DATA RECORDS Block Start
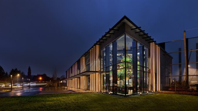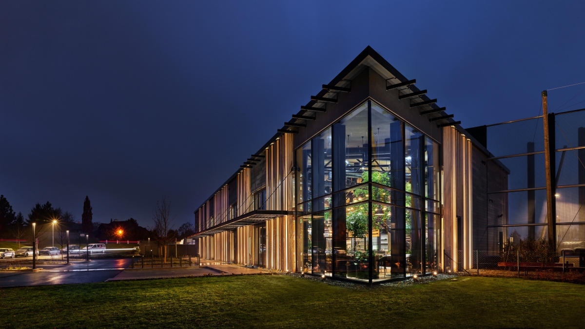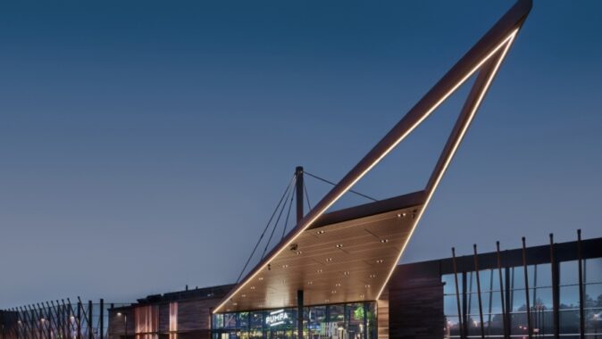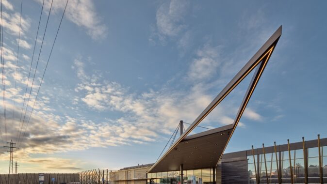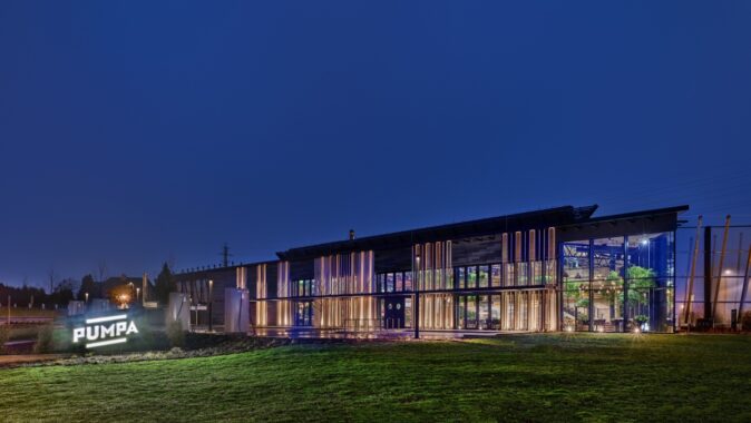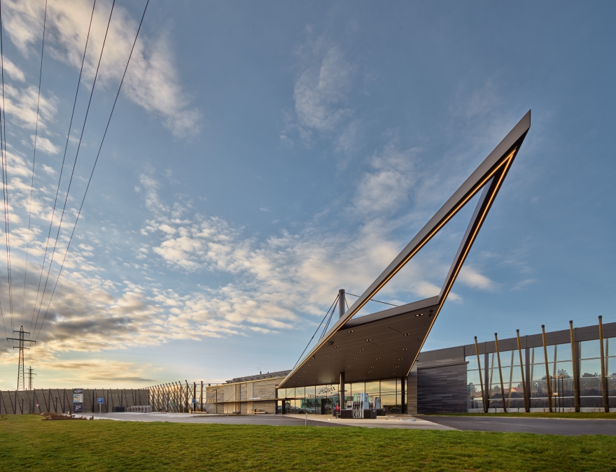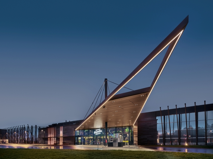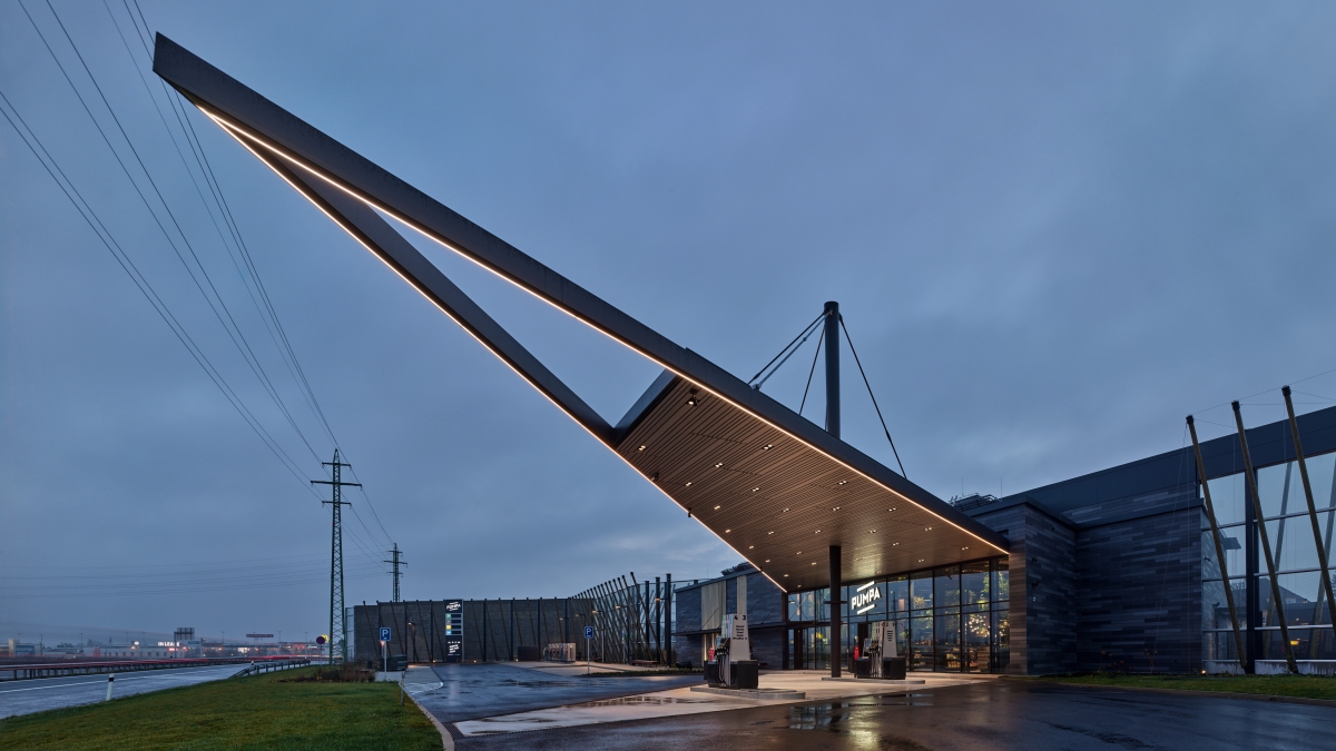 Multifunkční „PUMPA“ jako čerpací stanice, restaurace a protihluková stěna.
DATA RECORDS Block End
DATA RECORDS Block Start
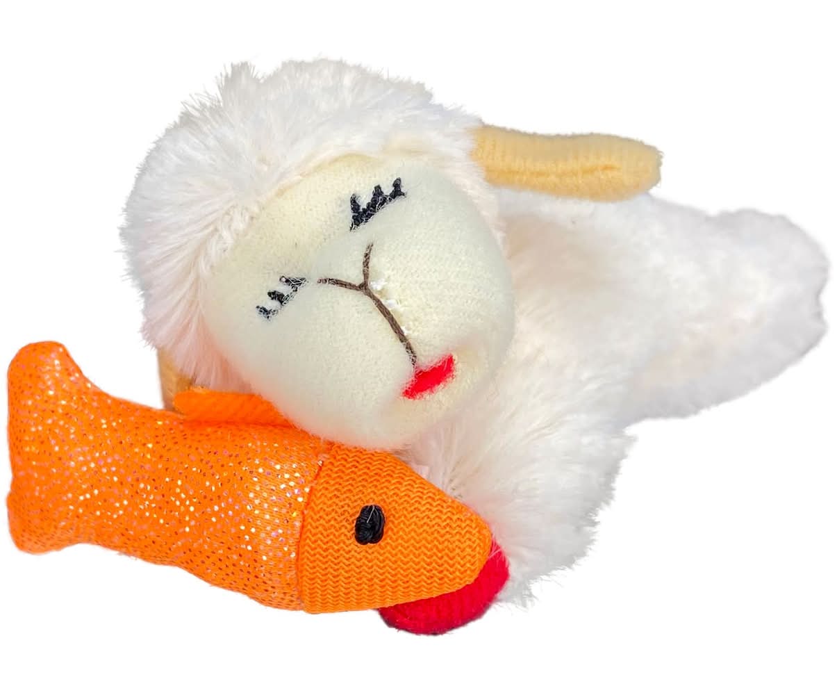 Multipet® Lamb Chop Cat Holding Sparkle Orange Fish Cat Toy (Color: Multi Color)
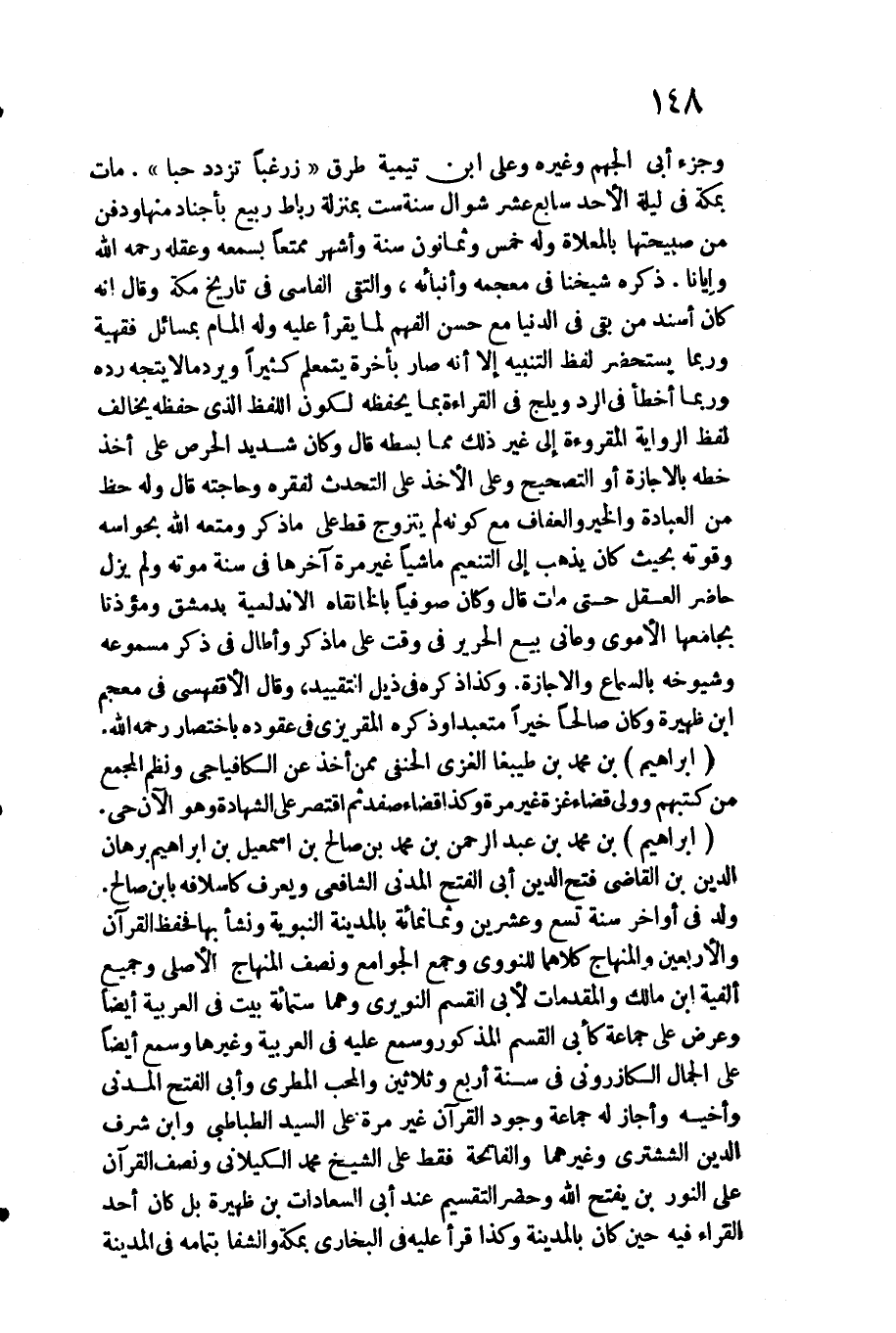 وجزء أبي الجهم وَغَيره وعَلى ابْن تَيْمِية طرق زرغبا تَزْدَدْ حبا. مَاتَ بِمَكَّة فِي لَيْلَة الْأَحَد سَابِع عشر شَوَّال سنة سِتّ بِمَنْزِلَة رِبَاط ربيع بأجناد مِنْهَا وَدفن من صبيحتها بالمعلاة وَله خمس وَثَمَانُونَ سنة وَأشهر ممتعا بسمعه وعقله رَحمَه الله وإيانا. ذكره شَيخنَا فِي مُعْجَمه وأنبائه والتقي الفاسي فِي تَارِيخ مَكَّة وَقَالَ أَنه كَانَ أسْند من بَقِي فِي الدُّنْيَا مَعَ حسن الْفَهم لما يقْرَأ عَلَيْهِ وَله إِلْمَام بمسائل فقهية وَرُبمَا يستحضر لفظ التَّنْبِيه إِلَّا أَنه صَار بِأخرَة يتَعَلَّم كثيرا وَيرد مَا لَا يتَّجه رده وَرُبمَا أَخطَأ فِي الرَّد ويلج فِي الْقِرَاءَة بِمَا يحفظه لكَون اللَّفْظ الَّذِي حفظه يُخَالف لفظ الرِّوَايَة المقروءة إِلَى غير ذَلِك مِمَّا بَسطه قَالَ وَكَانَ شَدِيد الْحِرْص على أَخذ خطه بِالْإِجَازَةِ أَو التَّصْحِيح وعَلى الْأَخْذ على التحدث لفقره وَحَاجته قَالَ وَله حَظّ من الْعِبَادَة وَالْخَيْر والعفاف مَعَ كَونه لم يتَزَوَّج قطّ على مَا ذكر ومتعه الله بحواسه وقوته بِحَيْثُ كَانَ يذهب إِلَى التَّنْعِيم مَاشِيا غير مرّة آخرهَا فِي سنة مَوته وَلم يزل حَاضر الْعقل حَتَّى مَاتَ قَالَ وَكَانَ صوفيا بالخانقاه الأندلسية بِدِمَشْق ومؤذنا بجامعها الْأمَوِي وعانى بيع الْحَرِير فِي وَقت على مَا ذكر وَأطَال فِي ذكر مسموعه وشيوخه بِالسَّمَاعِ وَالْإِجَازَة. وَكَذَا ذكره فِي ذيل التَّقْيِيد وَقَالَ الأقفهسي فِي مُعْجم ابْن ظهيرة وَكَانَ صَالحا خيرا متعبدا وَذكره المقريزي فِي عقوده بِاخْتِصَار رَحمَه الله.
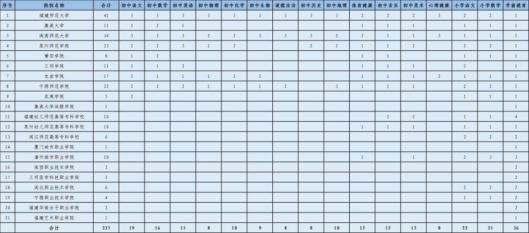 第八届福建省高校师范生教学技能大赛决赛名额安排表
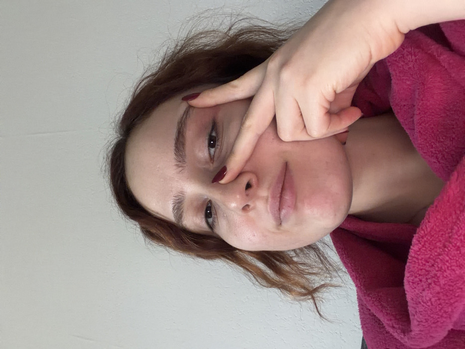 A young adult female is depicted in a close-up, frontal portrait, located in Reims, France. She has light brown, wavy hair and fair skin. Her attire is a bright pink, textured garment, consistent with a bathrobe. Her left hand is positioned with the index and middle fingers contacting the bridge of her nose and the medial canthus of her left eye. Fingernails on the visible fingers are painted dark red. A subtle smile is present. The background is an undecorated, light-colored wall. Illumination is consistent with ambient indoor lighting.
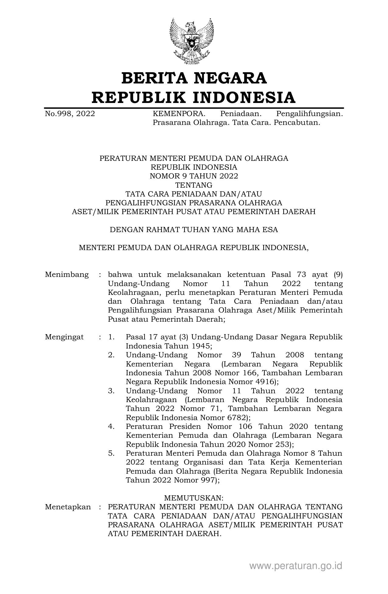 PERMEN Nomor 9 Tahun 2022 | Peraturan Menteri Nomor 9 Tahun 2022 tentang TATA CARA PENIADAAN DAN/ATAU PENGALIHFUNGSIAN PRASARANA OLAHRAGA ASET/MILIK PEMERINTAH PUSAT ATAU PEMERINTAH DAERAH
DATA RECORDS Block End
TASK INSTRUCTIONS: Using the records above, return word for word the lines that begin at the one containing "第八届福建省高校师范生教学技能大赛决赛名额安排表" and end at the one containing "PERMEN Nomor 9", both of them included and no pictures.

EXERCISE OUTPUT:
 第八届福建省高校师范生教学技能大赛决赛名额安排表
 A young adult female is depicted in a close-up, frontal portrait, located in Reims, France. She has light brown, wavy hair and fair skin. Her attire is a bright pink, textured garment, consistent with a bathrobe. Her left hand is positioned with the index and middle fingers contacting the bridge of her nose and the medial canthus of her left eye. Fingernails on the visible fingers are painted dark red. A subtle smile is present. The background is an undecorated, light-colored wall. Illumination is consistent with ambient indoor lighting.
 PERMEN Nomor 9 Tahun 2022 | Peraturan Menteri Nomor 9 Tahun 2022 tentang TATA CARA PENIADAAN DAN/ATAU PENGALIHFUNGSIAN PRASARANA OLAHRAGA ASET/MILIK PEMERINTAH PUSAT ATAU PEMERINTAH DAERAH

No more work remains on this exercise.